Avoid common mistakes on your manuscript.
Erratum to: Cogn Comput DOI 10.1007/s12559-016-9415-7
Unfortunately, the original version of the article has been published with few errors in Abstract, Conclusion, Acknowledgment, and References.
Also, Dr. Erik Cambria is the co-corresponding author of the article.
The corrected versions of the sections are given below.
Abstract
With the advent of the internet, people actively express their opinions about products, services, events, political parties, etc., in social media, blogs, and website comments. The amount of research work on sentiment analysis is growing explosively. However, the majority of research efforts are devoted to English language data, while a great share of information is available in other languages. We present a state-of-the-art review on multilingual sentiment analysis. More importantly, we compare our own implementation of existing state-of-the-art approaches on common data. Precision observed in our experiments is typically lower than that reported by the original authors, which we attribute to lack of detail in the original presentation of those approaches. Thus, we compare the existing works by what they really offer to the reader, including whether they allow for accurate implementation and for reliable reproduction of the reported results.
Conclusion
We gave an overview of state-of-the-art multilingual sentiment analysis methods. We described data pre-processing, typical features, and the main resources used for multilingual sentiment analysis.
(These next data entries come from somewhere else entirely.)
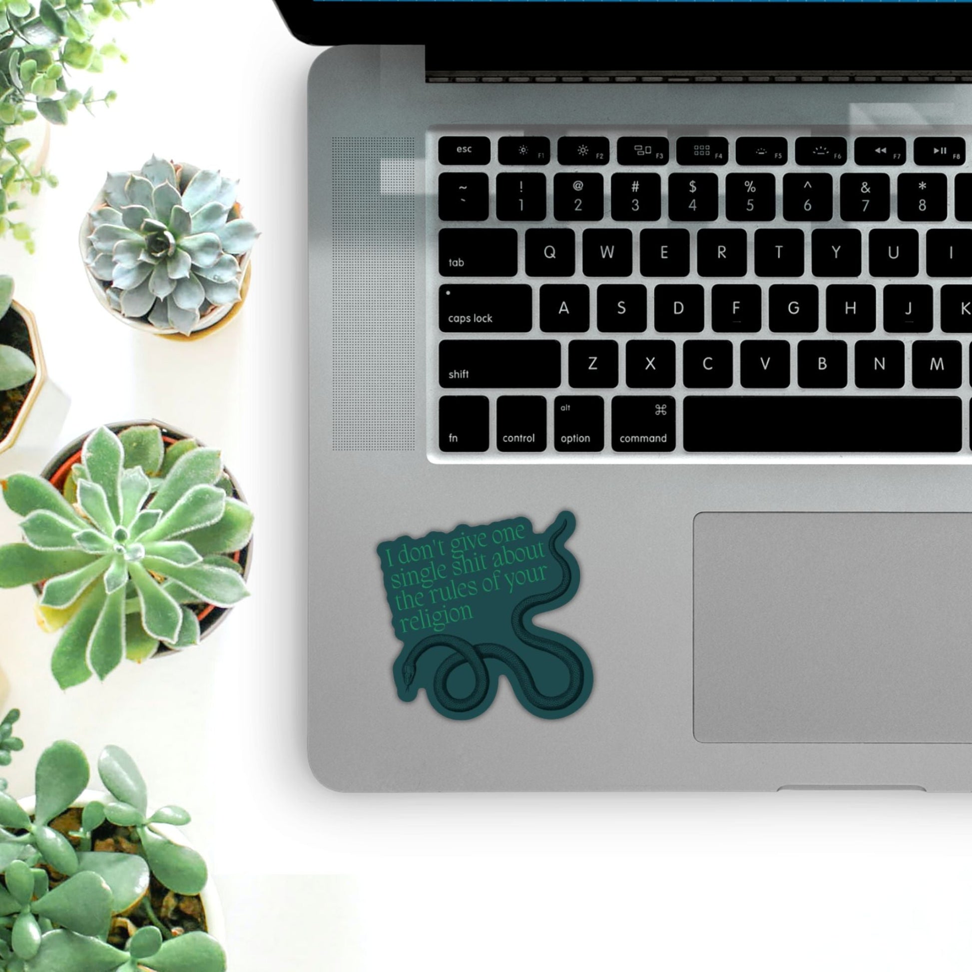 Glossy die cut sticker reads I DON'T GIVE ONE SINGLE SHIT ABOUT THE RULES OF YOUR RELIGION.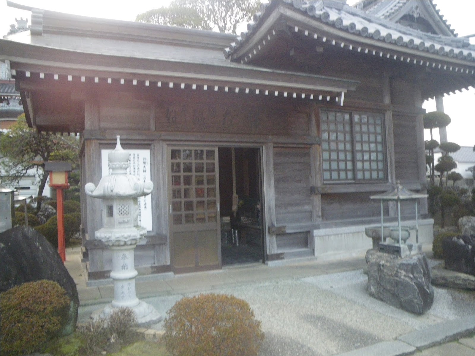 鎮守堂右手に大師堂。結構新しい。平成8年(1996年)に火災で全焼し、平成26年(2014年)に再建された、と。その間烏枢沙摩明王堂が仮大師堂となっていた、と言う。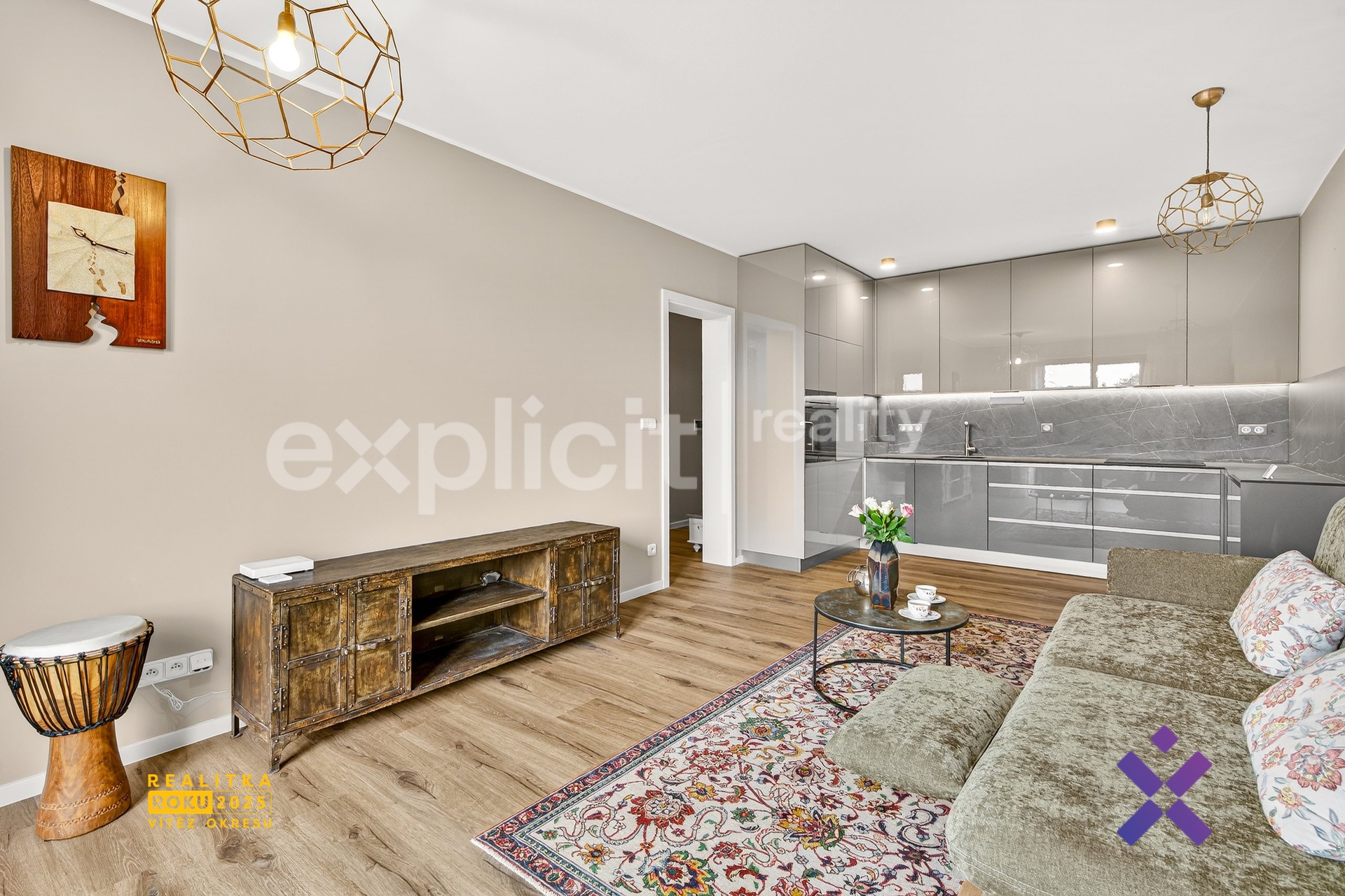 Byt s podlahovým vytápěním je vybaven luxusní kuchyňskou linkou, zhotovenou na míru, která je vybavena spotřebiči značky Siemens - parní trouba, lednička s mrazákem, digestoř, nerez dřez. Spotřebiče jsou ještě v záruce. Velký obývací pokoj je propojen s kuchyní a vstupem na balkon s výhledem do zeleně.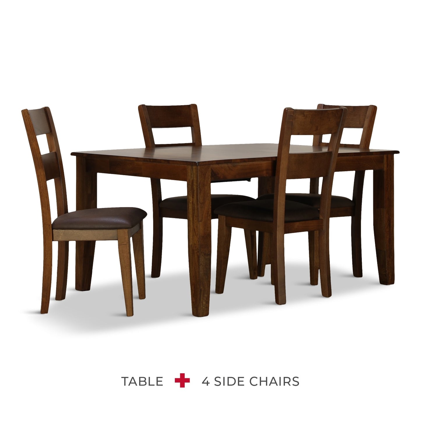 Have an appetite for clean-lined design, but with warmth and rustic character? Satisfaction is served with the Callie dining set. We love how its gently distressed, burnished finish and plank-style tabletop incorporate depth and character, while the padded seats on the dining chairs supply an endless amount of comfort. Made of mango wood and veneer, this dining set is sure to withstand the tests of time.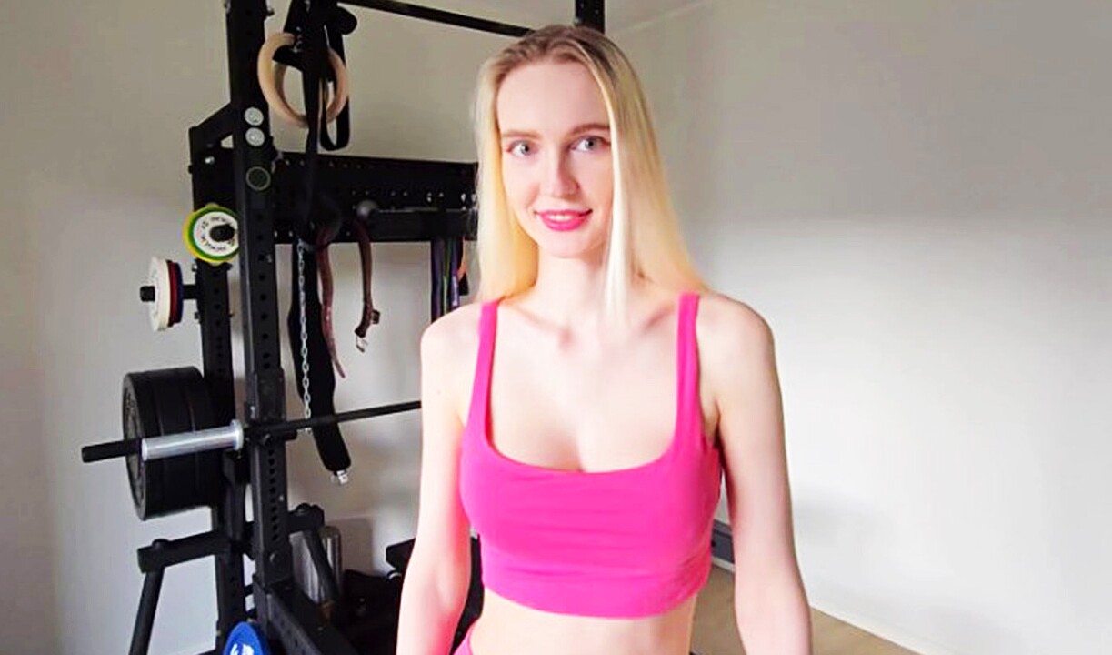 Une charmante fille en forme a des relations sexuelles dans la salle de sport avec un mec au hasard
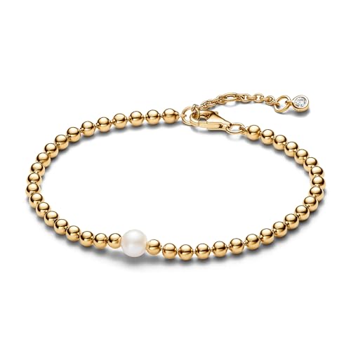 Pandora Timeless Bracelet Sphère en métal plaqué or 14 carats avec perle de culture d’eau douce traitée blanche et zircones cubiques transparentes, 18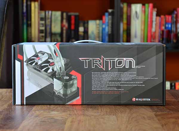 De Raijintek Triton heeft een prima verpakking om te zien en heeft een handsvat. Intern zit het geheel in relatief eenvoudig karton waar we de schroefjes in één gezamenlijk zakje aantreffen. Koelpasta komt helaas niet in een spuitje, maar in een zakje, al zien we wel een spatel. Iets wat we nog niet eerder in een AIO doos aantroffen waren de flesjes met kleurstof.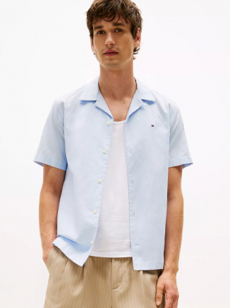 Tommy Hilfiger men's shirt. Our breathable and airy cotton-linen blend short-sleeve camp shirt is made from a dobby weave for subtle texture.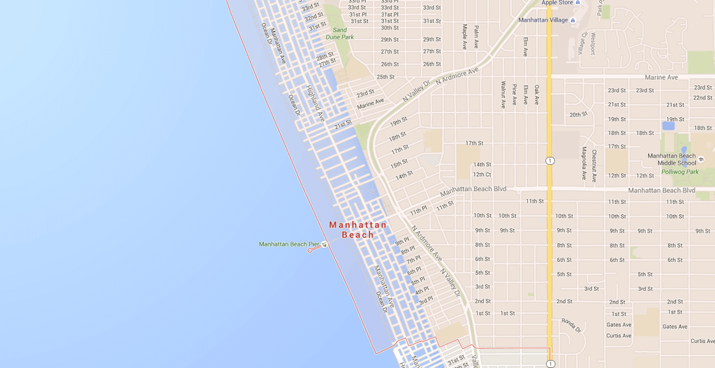 Haritaya bakıldığında Santa Monica, Malibu ve Manhattan Beach bölgelerinin deniz seviyesinin altında kalma ihtimali göze çarpıyor.

Then, we discussed different approaches applied by their authors to English and other languages. We have classified these approaches into corpus-based, lexicon-based, and hybrid ones.
The real value of any sentiment analysis technique for the research community corresponds to the results that can be reproduced with it, not in the results its original authors reportedly obtained with it. To evaluate this real value, we have implemented eleven selected approaches as closely as we could, based on their descriptions in the original papers, and tested them on the same two corpora. In the majority of the cases, we obtained lower results than those reported by their corresponding authors. We attribute this mainly to the incompleteness of their descriptions in the original papers. In some cases, though, the methods were developed for a specific domain, so in such cases, comparison on our test corpora may not be fair. A lesson learnt was that for a method to be useful for the research community, authors should provide sufficient detail to allow its correct implementation by the reader.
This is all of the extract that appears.